I know some women struggle with falling asleep and/or staying asleep. This can be a complete talk alone.  There are many things to look at to evaluate to sleep better.  A great place to start is to cut out caffeine completely, and see how you do with that.  If you continue to have trouble sleeping, talk with your health provider to look at other options to help with sleep. 

#1 Take care of your nervous system.

This is done with chiropractic care.  You nervous system in the power house in your body, controlling every other function your body does.  It is essential to have it working at 100% so your body to deal with the stress as it comes day in and day out.  I can not tell you how many times people tell me how they feel less anxiety when they are under regular chiropractic care.  Your nervous system is supported through chiropractic care because all the nerves that pass through the vertebrae.  If your spine is misaligned, this puts pressure on the nerves in that area.  Your nerves work like a garden hose.  If there is pressure on the nerves, there is not as much flow going through the nerves.  When you get a chiropractic adjustment it aligns the spine which relieves pressure on the nerves.

When you get adjusted, it give a boost to your immune system.  When you are under stress, your immune system can be compromised.  When I was in chiropractic school, it never failed that I would get sick the week of finals or the week after.  I am sure you can see other situations when you end up sick after a stressful time.  Getting adjusted can help your immune system fight against the effect of the stress.  If you still do get sick, it can help shorten your recovery time.

There is a hormone response when we are under stress.  As I said, the nervous system controls all other systems in your body and getting adjusted can help your regulate hormones.
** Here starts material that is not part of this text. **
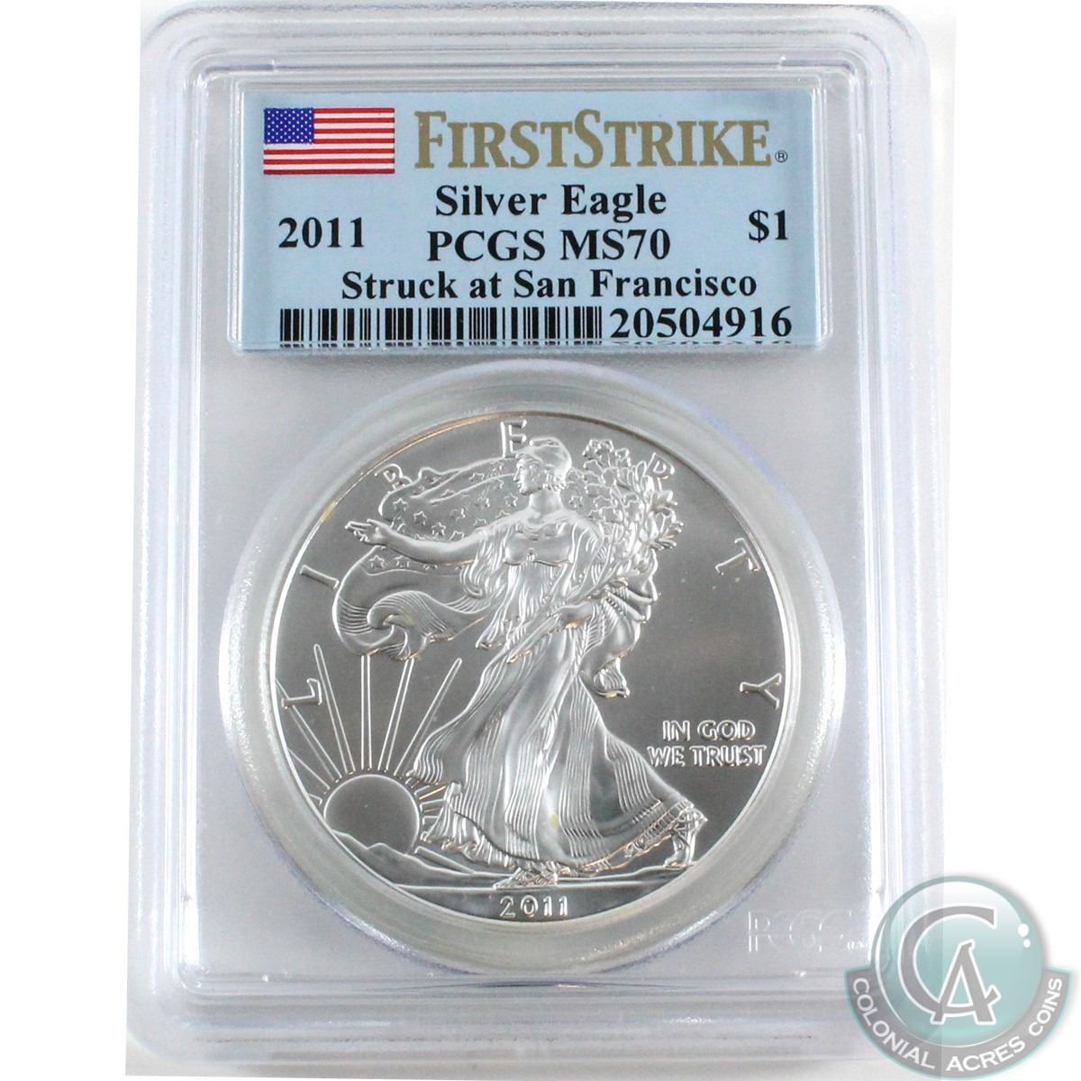 2011 USA $1 Silver Eagle 1oz Fine Silver PCGS Certified MS-70 ** First Strike*(Tax Exempt)

 The number 1 area where stress settles into in the neck and shoulders.  Getting adjusted can help alleviate the tension that builds in those areas. One of the most memorial testimonials I ever heard about chiropractic was from a little boy whose mother started chiropractic care.  When asked what he liked about his mom getting care, he said “my mom doesn’t yell at me as much since she started seeing a chiropractor.”

When we are stressed and in pain it is easy to take that out on our family and those closest to us.  We need to do our best to manage our stress so we can give our best to our family and those we love.

I hope you all got something you can use to manage your stress out of these last 2 blogs. Have a happy and stress-less holiday season!